_WORK ITEM:_
Could you transcribe exactly the lines below, from the line with "Coffret à Bijoux" through the line with "- Klipp ut pingvinens", and nothing else, leaving out the pictures?

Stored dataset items
━━━

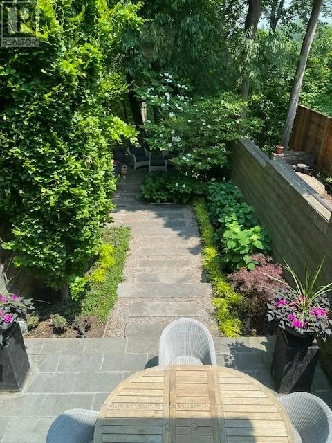 Yonge & St. Clair Pristine executive home on coveted Summerhill Gardens. Reimagined by designer Harvey Wise, this elegant 2-bedroom, 2-bath residence combines solid construction, excellent materials and thoughtful detailing that still feels current today. Exceptionally well maintained and featured in design magazines, it has a level of care and quality that is hard to miss. The view from the entry runs straight through to the Rosedale ravine at the back, giving the house an immediate sense of calm and connection to its setting.The main floor is open and practical, designed in a way that suits both everyday life and entertaining. A generous dining area looks onto the front garden and tree-lined street, while the large Irpinia kitchen sits at the centre of the home with high-end appliances, an oversized waterfall-marble island and ample work space. At the back, a sunken living room with custom millwork and fireplace opens onto a private deep garden overlooking the ravine. As the trees come into leaf, it becomes an especially beautiful place to spend time. A white-granite feature wall runs through the house and gives the interior a clear architectural identity.Upstairs are two well-composed bedrooms. The primary sits at the rear, with elevated ravine views, custom built-ins, a walk-in closet and access to a beautifully finished 5-piece semi-ensuite. The second bedroom faces west over Summerhill Gardens and includes a built-in desk and closet.The fully dug-out lower level adds flexible space for a family room, office or gym, with a front walkout and radiant-heated floors that continue to the outdoor concrete surfaces. At the back, the maintenance-free garden and large deck make the most of the leafy ravine setting. A strong alternative to condo living, this is a low-maintenance home for someone who wants privacy, greenery and thoughtful design, all within easy walking distance of the subway and the best of Summerhill. (id:27476)
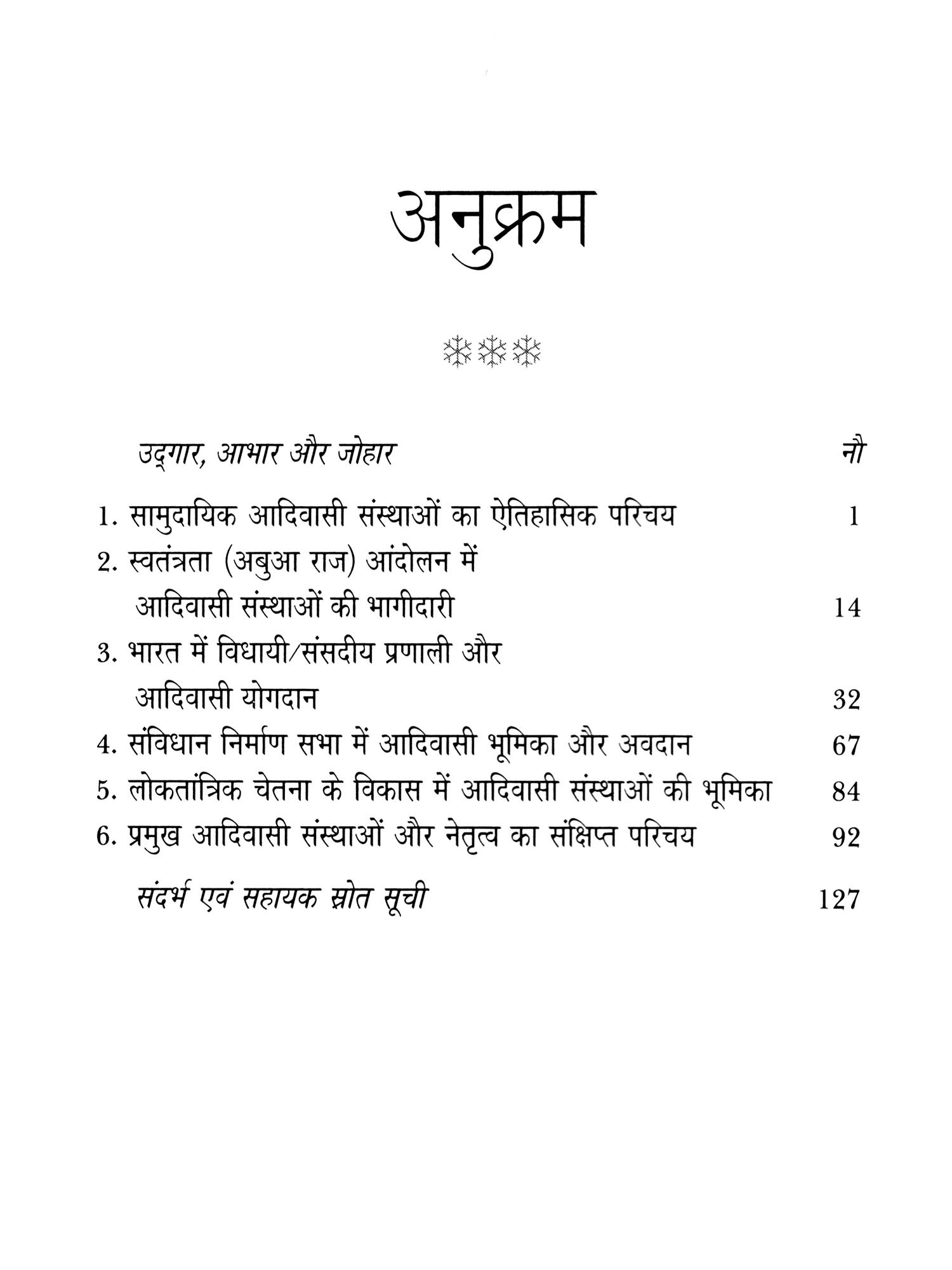 इन सब विषयों में आदिवासियों ने शिद्दत के साथ शिरकत की और देश को लोकतांत्रिक बनाने में हर तरह से भागीदारी की। आदिवासियों के योगदान और सभी सामाजिक-राजनीतिक संगठनों व उनके दूरदर्शी नेतृत्व की बदौलत नई लोकतांत्रिक विधायी व्यवस्था कायम हुई और संविधान द्वारा दिये गए अधिकारों ने समाज को एक नई दिशा दी, जिसके फलस्वरूप भारतीय समाज में आज भी विभिन्न भाषाएँ, धर्म, जातियाँ और संस्कृतियाँ सह-अस्तित्व में हैं, जो इसे एक अद्वितीय समाज बनाती हैं।
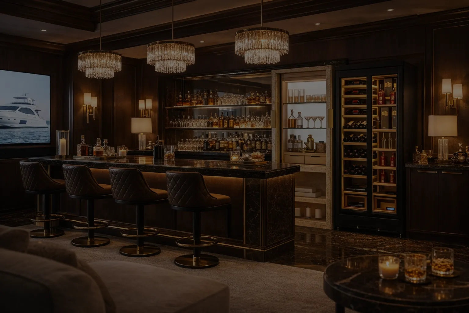 Preserve and showcase your wine collection with our Signature Wine Cooler, designed for refined entertainment spaces. Featuring precise temperature control, whisper-quiet operation, and a sleek glass-front design, it keeps every bottle at its ideal serving condition. Whether paired with a game room, golf simulator, or private lounge, this wine cooler adds both luxury and convenience to your VistaRoom experience.
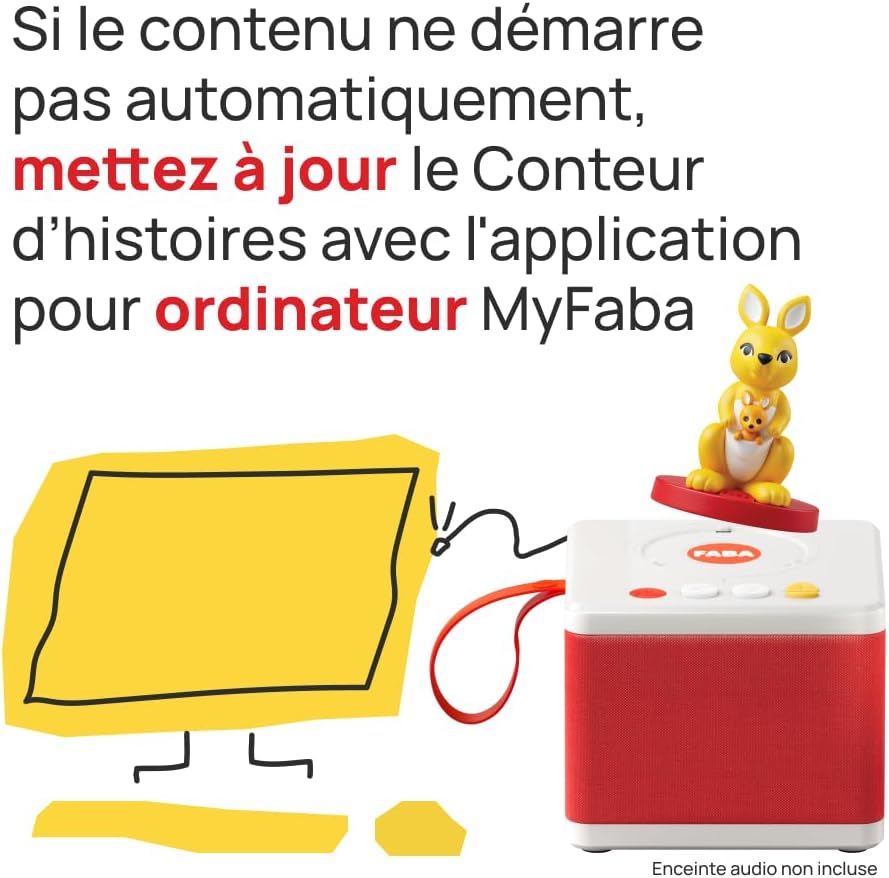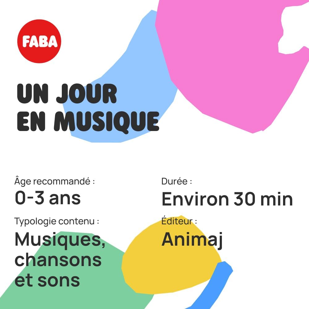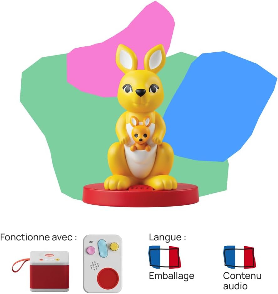 Personaggio sonoro da posizionare su FABA Storyteller o su FABA+, che permette ai bambini di ascoltare in autonomia storie, canzoni e filastrocche. UNA GIORNATA CON LA MUSICA: Una selezione di 12 canzoni che raccontano la giornata tipo di un bambino, dal risveglio al mattino allo scendere la sera. Il Bondi Kangaroo comprende melodie invitanti per iniziare la giornata con un sorriso, canzoni allegre per accompagnare i giochi e le belle scoperte della vita quotidiana e musica rilassante per i momenti di tranquillità. Per una routine quotidiana dove il divertimento regna sovrano! Compatibilità: Compatibile con i due narratori FABA. Il narratore non è incluso. Per ascoltare i contenuti audio aggiorna FABA Storyteller con MyFaba Computer App, se hai FABA+ connettiti al WiFi. Età consigliata: 0-3 anni. Abilità sviluppate: creatività, apprendimento. STIMOLA IL LINGUAGGIO: Uno studio dell'Università di Trieste ha mostrato un miglioramento nei risultati dei test di vocabolario per bambini in età prescolare che ascoltavano contenuti audio con il FABA Storyteller per circa un'ora a settimana. Durata: ca. 30 minuti, editore: Animaj
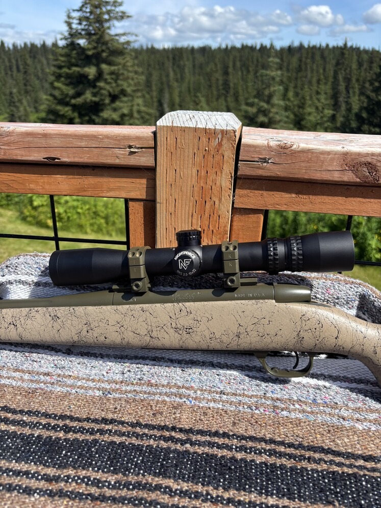 Wetherby Mark V ultra light with NightForce NXS 2.5-10x32. Illuminated Velocity 600 Reticle. Stainless action and barrel cerakoated OD green. Ken Farrel rings and pic bases also cerakoated. Chambered in .308. 7lbs 3 ounces as pictured.
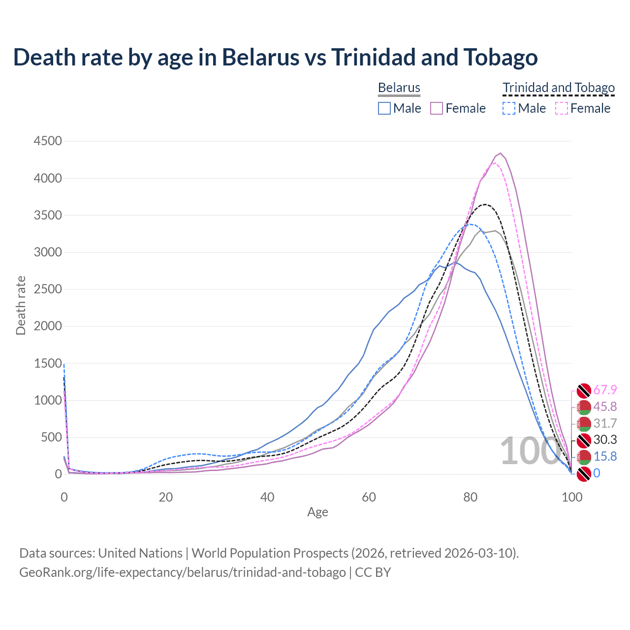 In Belarus, the most common age of death is 82, compared to 83 in Trinidad and Tobago. The median age of death is 78.1 in Belarus and 78.4 in Trinidad and Tobago, meaning only half of each cohort is expected to live past that age.
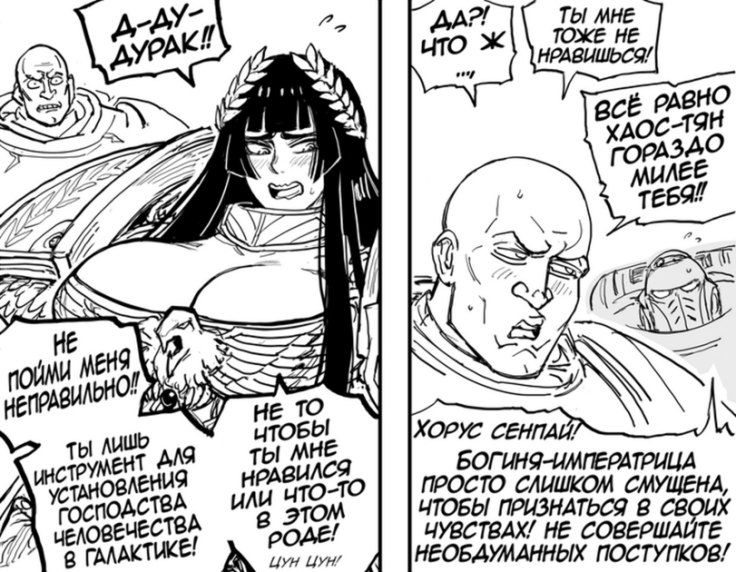 — Краткий доклад ветерана-сержанта Джастиса Гхунфрида: Капитан-командующий, докладываю. Силы мятежников, якобы сражающихся за Империум выкрикивают в наивысшей степени странные боевые лозунги. В них они упоминают тот факт, что им якобы обещаны фелинидки-жены, робогорничные и… Что они идут в бой за Большую И. Прошу прояснить ситуацию и наши дальнейшие действия, капитан-командующий. Гхунфрид доклад окончил. — буквально протараторил связист, выжидающе уставившись снизу вверх на стоящего Астартес, чьё лицо нахмурилось в непонимании.
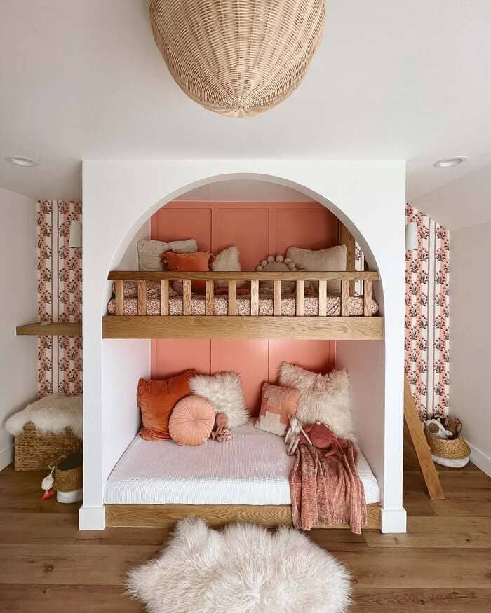 That sweet arch bunk with peach panels, warm wood, and soft blankets gave me a design crush. The reason it works is simple color blocking. Pick one wall color, one wood tone, and two soft accents. Here it’s peach and white with natural wood and creams. Keep toys in seagrass baskets, yes, the ones in the picture, because the texture hides chaos.
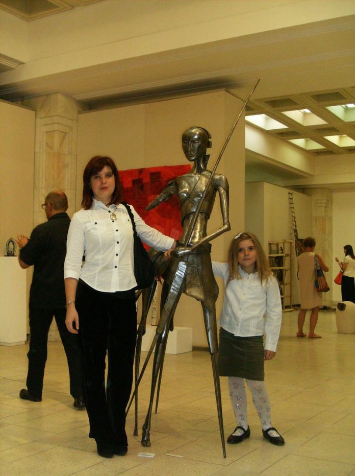 Buhuseanul Razvan Botezatu este un artist cu vocatie, nu dintre cei care se apropie de arta ca de o slujba, ca de un job al supravietuirii. Este absolvent al facultatii de matematica. Inca din timpul acestor studii, chemarea catre arta l-a atras in atelier. A fost/este unul dintre putinii nostri artistii preocupati de realizarea in regim manufacturier a armurilor medievale. Putini artisti de acest gen exista chiar si in Europa. A fost recunoscut in acest club select. Apoi s-a inscris la cursurile Universitatii de Arte Decorative si Design din Bucuresti, unde, cu profesori renumiti, a si absolvit, cu magna cum laude, in acest an. A fost cautat de organizatorii unor expozitii importante. Recent, la Palatul Parlamentului, sala Brâncusi, a expus, alaturi de unii dintre cei mai cunoscuti artisti plastici din România, in cadrul expozitiei „Comunicare prin simbol”, gestionata de Uniunea Artistilor Plastici. Expozitia, cotata ca fiind de prim rang, deschisa pâna pe 12 septembrie, reuneste lucrari de o mare diversitate tematica, impresioneaza prin tehnicile de lucru surprinzatoare, prin calitate. Specialistii le-au stabilit si standarde… pecuniare: de la 2.000, la 20.000 de euro. De la vernisajul expozitiei n-au lipsit sotia si fiica artistului, Roxana si Ema, dar nici tatal, nimeni altul decât prof. Petru Botezatu, liderul asociatiei culturale „Renasterea” Buhusi. Lucrarea expusa, Hylonome, este una dintre vedetele expozitiei. Hylonome, femeia-centaur in mitologia greaca, a participat la lupta impotriva lui Lapiths, alaturi de sotul ei, centaurul Cyllarus, pe care l-a iubit foarte mult. Acesta a murit in acea lupta iar Hylonome s-a sinucis, aruncându-se in sulita lui. Ovidiu, in „Metamorfoze”, aminteste despre acest sacrificiu al dragostei si fidelitatii. Indragostit de mitologie, Razvan Botezatu a picurat in creatia sa metafizica, suflet, sublim, gratie, suferinta si sacrificiu. In viziunea sa, Hylonome are o tristete a jertfei, dar si o bucurie tacuta a atasamentului si de dincolo de viata. „Centaurita” Hylonome intra inca o data in mitologie, prin creatia de metal… umanizat a lui Razvan Botezatu, cu acest chip al sacrificiului pe care scrie izbânda. Lucrarea a primit, prin cronicile de specialitate, aplauzele criticilor. Nu intâmplator, artistul a fost invitat sa expuna si in expozitia care va fi vernisata la cunoscutele galerii bucurestene „Orizont”, pe bulevardul Victoriei, in ziua de 22 octombrie. Publicul o va putea vizita timp de o luna. Este cea de a zecea expozitie importanta in care va expune. Ce va urma? „O viata artistica in Bucuresti, spune artistul. Daca nu esti acolo, in epicentrul vâltorilor experimentale si expozitionale, daca nu te mentii in circuit la acest nivel, risti sa ramâi un anonim important; atât.”
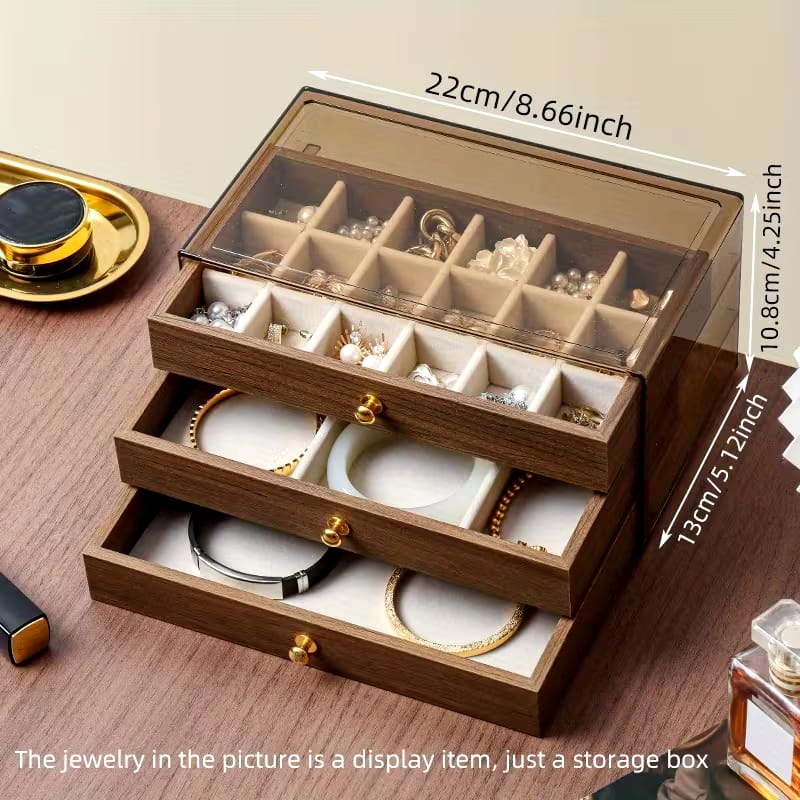 Coffret à Bijoux en Noyer – Rangement Luxe 3 Niveaux
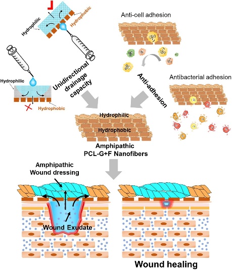 Yun-Long Wu, Caisheng Wu | Chemical Engineering Journal: Engineered Janus amphipathic polymeric fiber films with unidirectional drainage and anti-adhesion abilities to accelerate wound healing
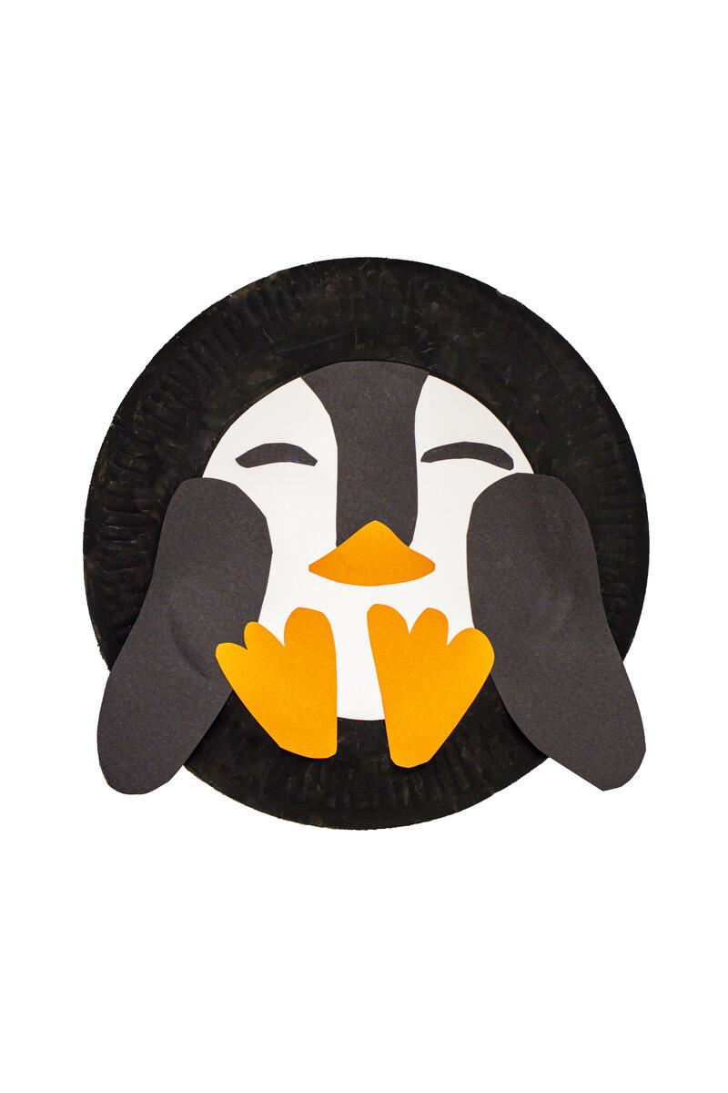 - Klipp ut pingvinens näsrygg, vingar och ögon från ett svart papper, fäst med lim.
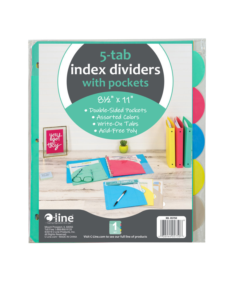 Tabbed poly index dividers organize your binder instantly. Made from durable, archival quality polypropylene. Fits standard 3-ring binders. Includes double-sided easy-load slant pockets to allow for extra storage of documents and media. Assorted colors include Seaside Blue, Sunny Yellow, Seafoam Green,and Sunset Red.
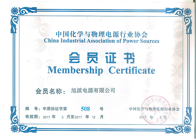 中國化學(xué)與物理電源行業(yè)協(xié)會會員證書
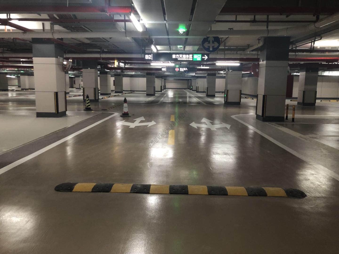 由創安順施工員工裝載壹城中心地下車庫設施前往場地安裝施工。
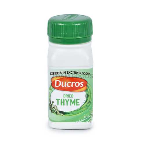 Ducros Thyme is a premium herb that brings a burst of aromatic freshness to your dishes. Carefully harvested and expertly dried, our thyme is a culinary essential known for its versatile and earthy flavor profile. Sprinkle it into soups, stews, or roast meats to enhance the depth of your recipes. Packed in a convenient and airtight container, Ducros Thyme preserves its natural essence, ensuring you have the perfect herb at your fingertips whenever inspiration strikes in the kitchen. Transform your meals into gourmet experiences with the timeless quality of Ducros Thyme. Also available in packs.

━━━

_WRITTEN SOLUTION:_
 Coffret à Bijoux en Noyer – Rangement Luxe 3 Niveaux
 Yun-Long Wu, Caisheng Wu | Chemical Engineering Journal: Engineered Janus amphipathic polymeric fiber films with unidirectional drainage and anti-adhesion abilities to accelerate wound healing
 - Klipp ut pingvinens näsrygg, vingar och ögon från ett svart papper, fäst med lim.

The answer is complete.